10.1 The column space

We saw that the null space of a matrix \(\mat{A}\) was the set of vectors \(\vec{x}\) that solve the homogeneous matrix equation \(\mat{A} \vec{x} = \vec{0}\). Another important vector space characterizing a matrix \(\mat{A}\) is its column space. Suppose we try to solve the non-homogeneous matrix equation \(\mat{A} \vec{x} = \vec{b}\), where \(\vec{b} \neq \vec{0}\). We saw that sometimes such an equation (or the equivalent system of linear equations) does not have a solution, i.e it has the empty set \(\varnothing\) as a solution set. What can we say about \(\vec{b}\) if the solution set would not be empty, or to say it differently, which \(\vec{b}\) would be admissible to let \(\mat{A} \vec{x} = \vec{b}\) have a non-empty solution set? Well, we know that an equation like

\[ \mat{A} \vec{x} = \begin{bmatrix} a_{11} & a_{12} & \cdots & a_{1n} \\ a_{21} & a_{22} & \cdots & a_{2n} \\ \vdots & \vdots & & \vdots \\ a_{m1} & a_{m2} & \cdots & a_{mn} \end{bmatrix} \begin{bmatrix} x_1 \\ x_2 \\ \vdots \\ x_n \end{bmatrix} = \begin{bmatrix} b_1 \\ b_2 \\ \vdots \\ b_m \end{bmatrix} \]

can also be written as the sum of column vectors (see Equation 8.1):

\[ \mat{A} \vec{x} = \begin{bmatrix} a_{11} \\ a_{21} \\ \vdots \\ a_{m1} \end{bmatrix} x_1 + \begin{bmatrix} a_{12} \\ a_{22} \\ \vdots \\ a_{m2} \end{bmatrix} x_2 + \cdots + \begin{bmatrix} a_{1n} \\ a_{2n} \\ \vdots \\ a_{mn} \end{bmatrix} x_n = \begin{bmatrix} b_1 \\ b_2 \\ \vdots \\ b_m \end{bmatrix} \]
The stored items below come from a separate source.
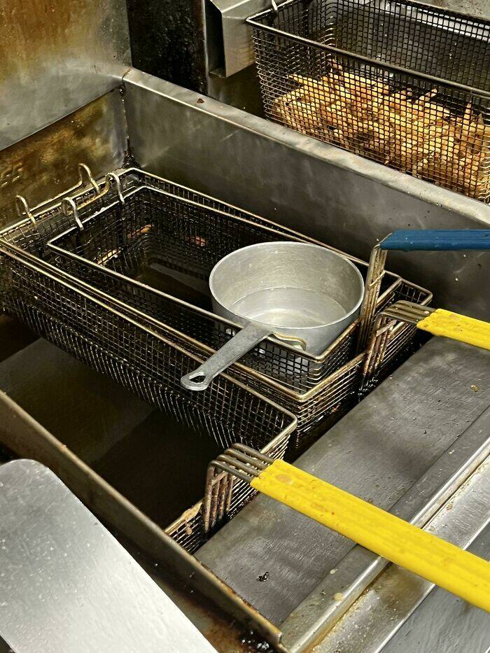 "Co-Worker Boiling Water In Deep Fryer"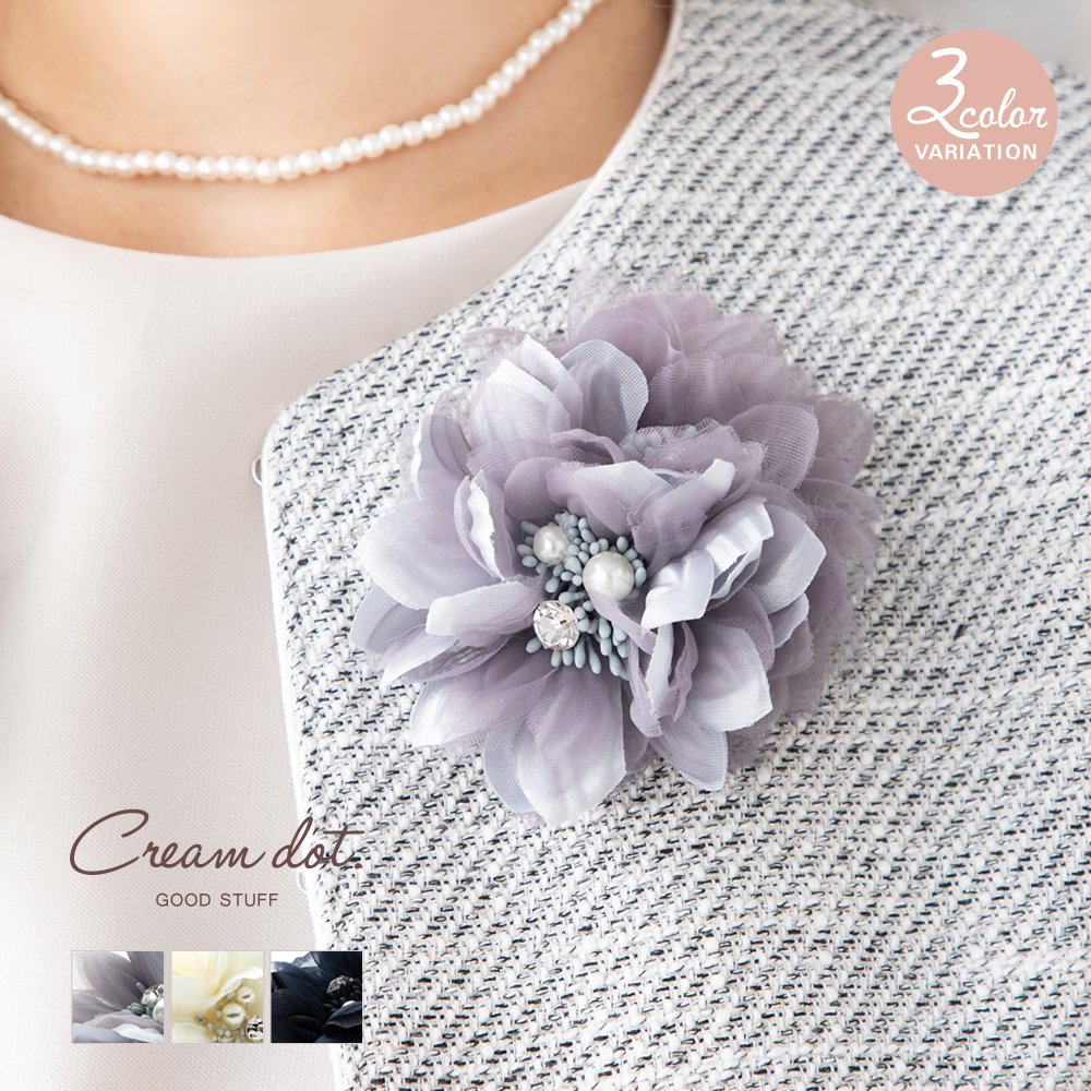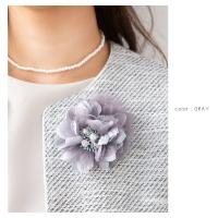 ふんわりとした柔らかな質感が優しい印象のフラワーコサージュ。同系色の異なる生地の重なりとさりげないパール&ビジュー使いが、セレモニーシーンにぴったりな品のある装いを演出します。
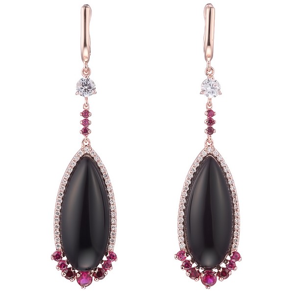 Серьги из серебра 925 пробы с ониксом и фианитами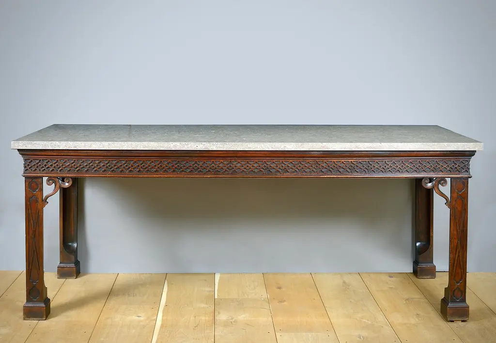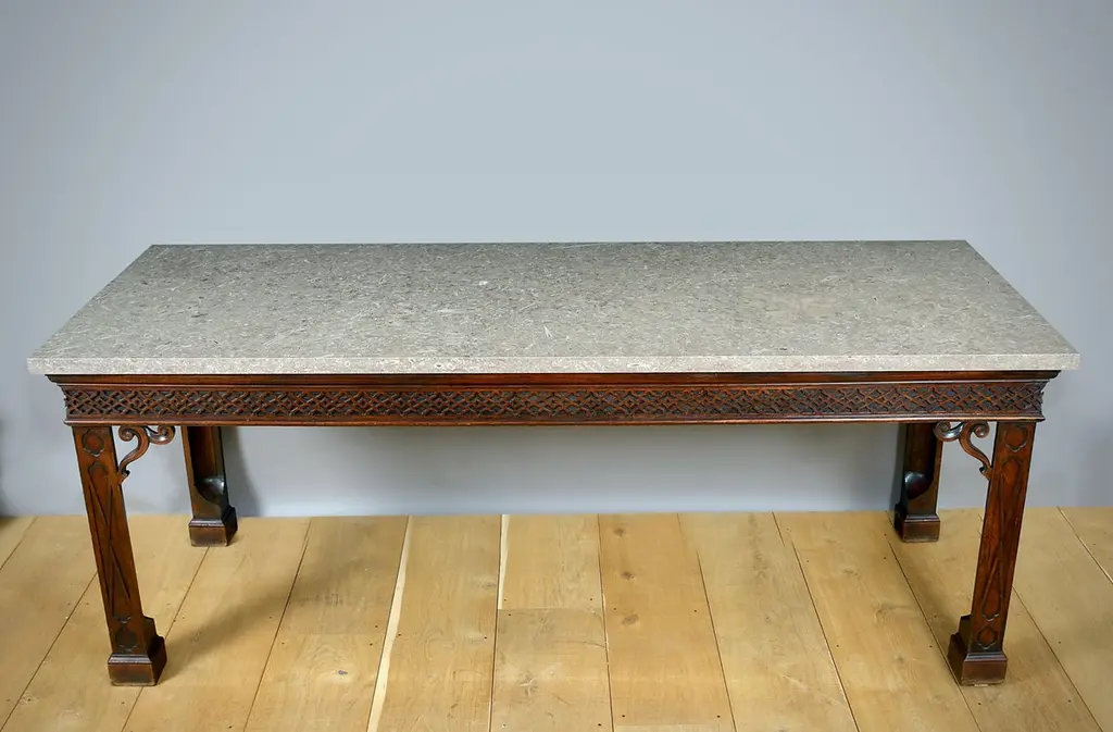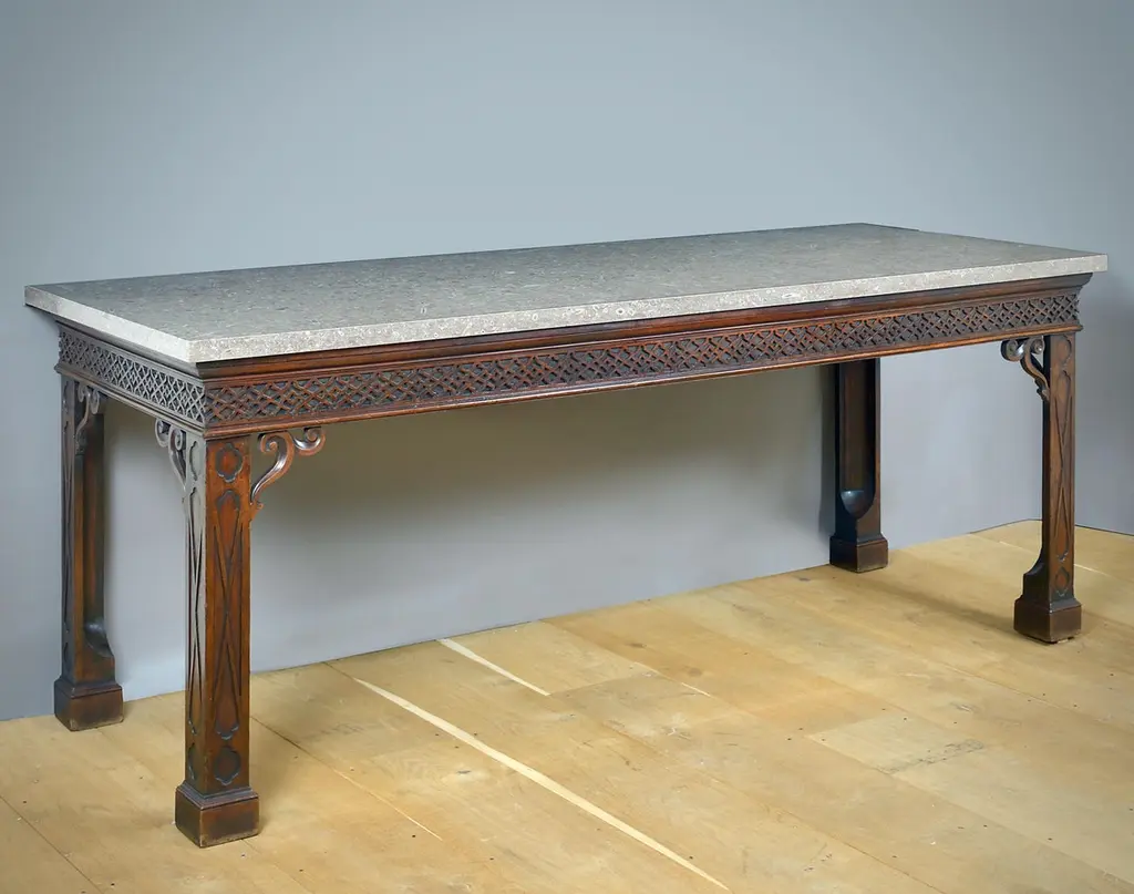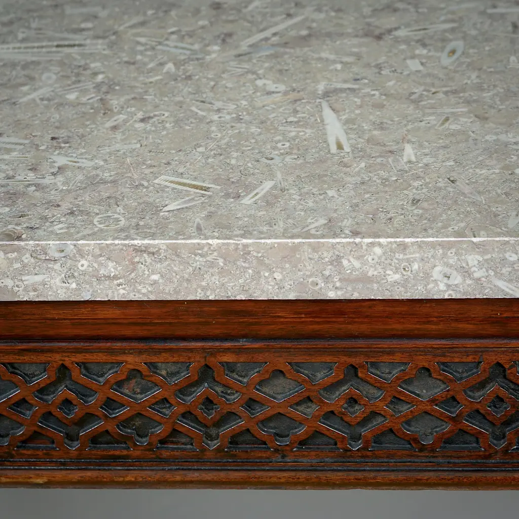 A MASSIVE GEORGE II MAHOGANY SIDE TABLE AFTER A DESIGN BY THOMAS CHIPPENDALE, POSSIBLY BY ALEXANDER PETER, CIRCA 1755-60.With later Derbyshire fossil slab.

This way of writing the matrix equation shows that we have linear combinations of all column vectors from the matrix \(\mat{A}\) on the left hand side of the equation, since the \(x_1\), \(x_2\), \(x_n\) are scalars. So the left hand side is the vector space composed by linear combinations of the columns from \(\mat{A}\), and is called the column space. Clearly, admissible vectors \(\vec{b}\) must be in that column space (i.e. be members of the column space) to obtain non-empty solution sets for the vector \(\vec{x}\)!

Example 10.1 (Trivial example) If we have a matrix

\[ \begin{bmatrix} 1 & 2 \\ 0 & 0 \end{bmatrix} \] then \[ \begin{bmatrix} 1 & 2 \\ 0 & 0 \end{bmatrix} \vec{x} = \begin{bmatrix} 1 \\ 1 \end{bmatrix} \]

can never give a solution for \(\vec{x}\), because there are no values of \(x_1\) and \(x_2\) to get both sides of the equation

\[ \begin{bmatrix} 1 \\ 0 \end{bmatrix} x_1 + \begin{bmatrix} 2 \\ 0 \end{bmatrix} x_2 = \begin{bmatrix} 1 \\ 1 \end{bmatrix} \]

equal. In general, only vectors of the form \(\bigl[\begin{smallmatrix} a \\ 0\end{smallmatrix}\bigr]\), where \(a\) can be any real value, are in the column space.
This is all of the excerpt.